A change of pace,” Mr. Black offered as the carriage turned north—or at least that’s the direction Cecy thought they were going as row houses dwindled, giving way to fields and farms. She wouldn’t ask him, blast the man. Let him be mysterious if he wished. But she pushed back her bonnet so she could see better. Ah, she’d almost forgotten how lovely the countryside could be—fresh air, fallow fields, sunshine peeking through clouds not filled with smoke. The pungent odor of manure. This was the England of her childhood. Alas, the journey ended all too soon.

They turned down a muddy lane to a large farm, driving past the disinterested gaze of a herd of cows and past what appeared to be a dairy, pulling up to a sprawling farmhouse. This time, instead of the drone of children reading out loud, they were met by the cry of squalling infants. Multiple infants. But none screaming in rage or pain. Just feed me, hold me, change my nappie, Cecy thought, unsure how she could be so certain. The smell of fresh-baked bread wafted down the corridor in front of them as they followed a heavily pregnant girl to a seat in the parlor. “I’ll get Mrs.
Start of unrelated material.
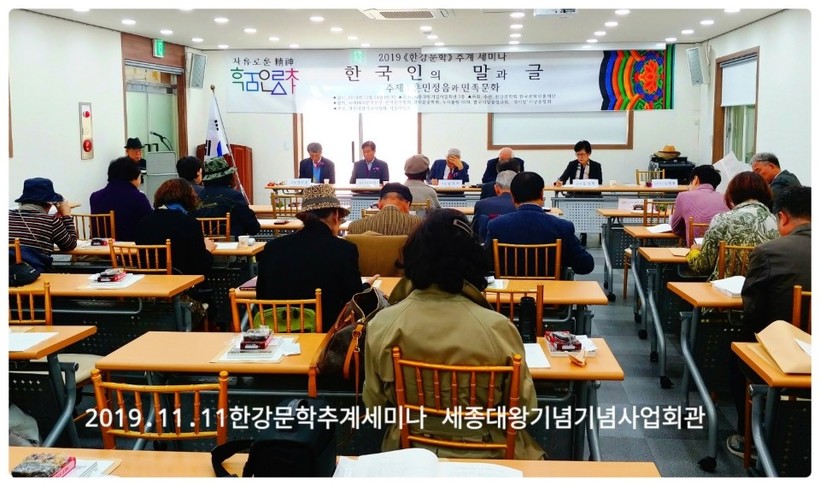 지난 11월 11일(금) 세종대왕대황기념사업회 회관에서 ‘한국인의 말과 글-훈민정음과 민족문화’라는 주제로 한강문학회와 한국문학진흥재단이 주관하는 ‘2019 한강문학’ 추계 세미나를 열었다.

Jamison straight away,” she told them and lumbered off.

Cecy drew in a deep breath. “Fresh bread and stew,” she pronounced, sighing in approval. “Do we stay for dinner?”

We do not.”

Oh.”

As you have likely guessed,” her employer said, “this is a home for abandoned women—those with no husbands and a child on the way. Or those who don’t wish their husbands to come anywhere near their babe,” he added with a bleak emphasis that raised goosebumps on Cecy’s arms. “This too will be part of your job. An important part, as these are women who will trust another female far more readily than they’ll ever trust me.”

In characteristic style his voice had no inflection, but the message was pointed. Only a woman who had suffered . . . only a woman who knew what it was to be alone and powerless could understand the occupants of this house.
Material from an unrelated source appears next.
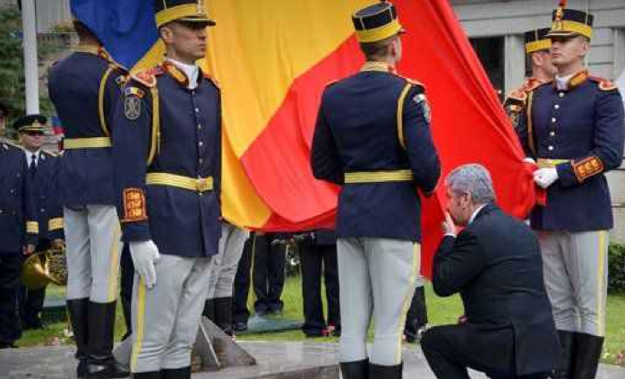 dusa a injanuchiat teatral si a sarutat panza tricolorului. mai demn, ghinararul numai s’a inclinat…

She’d once been a young lady, Cecy thought. A daughter of country gentry who had risen to courtesan of a peer. At least she had considered it a rise from her bleak childhood . . . until she’d been left for flotsam in the gutter. A woman whose only power now derived from friendship with the scandalous Lady Juliana Rivenhall and the largesse of a former guttersnipe, who, some said, held the reins of London’s Underworld in his hands.
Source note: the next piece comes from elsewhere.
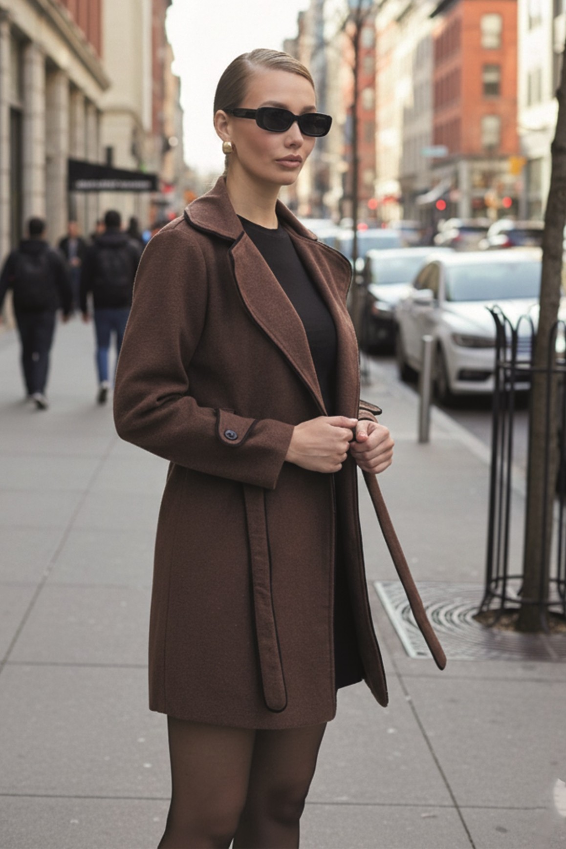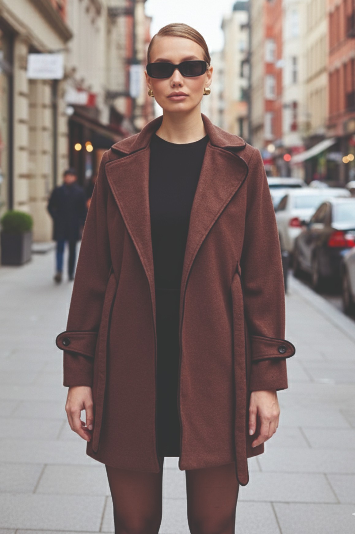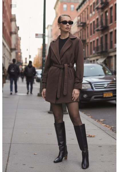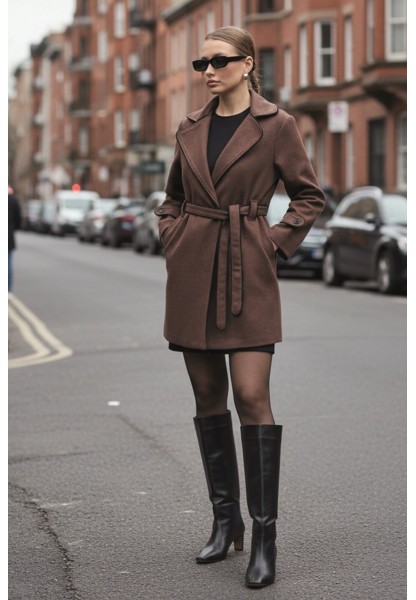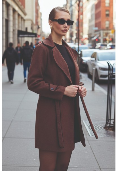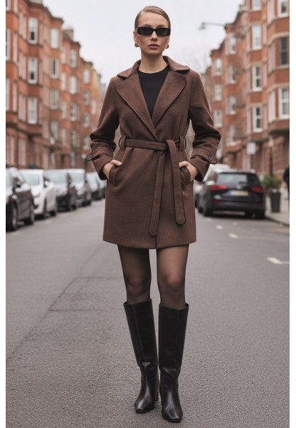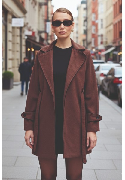 • Kaşe Kadın Şık Yaka Kaban ve Kemer

Blood money, that’s what Nick Black spent on his charity projects. The Devil paying his dues. When he must know there was no way the heavens would ever open for such a monumental sinner.

More likely, he was casting good works in the ton’s teeth. Nicholas Black was a man who would enjoy the irony, enjoy thumbing his nose at Parliament, magistrates, judges. The church. At all those who should have a care for the helpless. And did not.

Mrs. Jamison, the matron, interrupted Cecy’s thoughts, sweeping her off on a tour of the farmhouse, leaving Mr. Black behind in the drawing room. Boone Farm was not an establishment where men were allowed anywhere but the parlor, the barn, and the stables.

They were walking down a corridor on the dormered third floor when Cecy gasped and retraced her steps, staring into a room where a young woman with unrelentingly straight dark hair sat, bent over the sheet she was mending. “Holly?” As the girl looked up, Cecy threw back her bonnet, revealing her face.

Cecy?” Holly Hammond leaped to her feet, the sheet pooling on the floor, revealing a figure that was clearly increasing.

How? I mean . . .” Cecy faltered, blushing hotly. “I beg your pardon,” she cried, “but I thought you were well set, gone with the banker’s son, not that young lord we all knew wouldn’t . . .” She ground to a halt, floundering. “Oh Holly, I know you were paying attention when we were taught . . . Hell’s hounds!” she exclaimed, dropping to her knees beside her friend. “Tell me how you got yourself into such a fix.”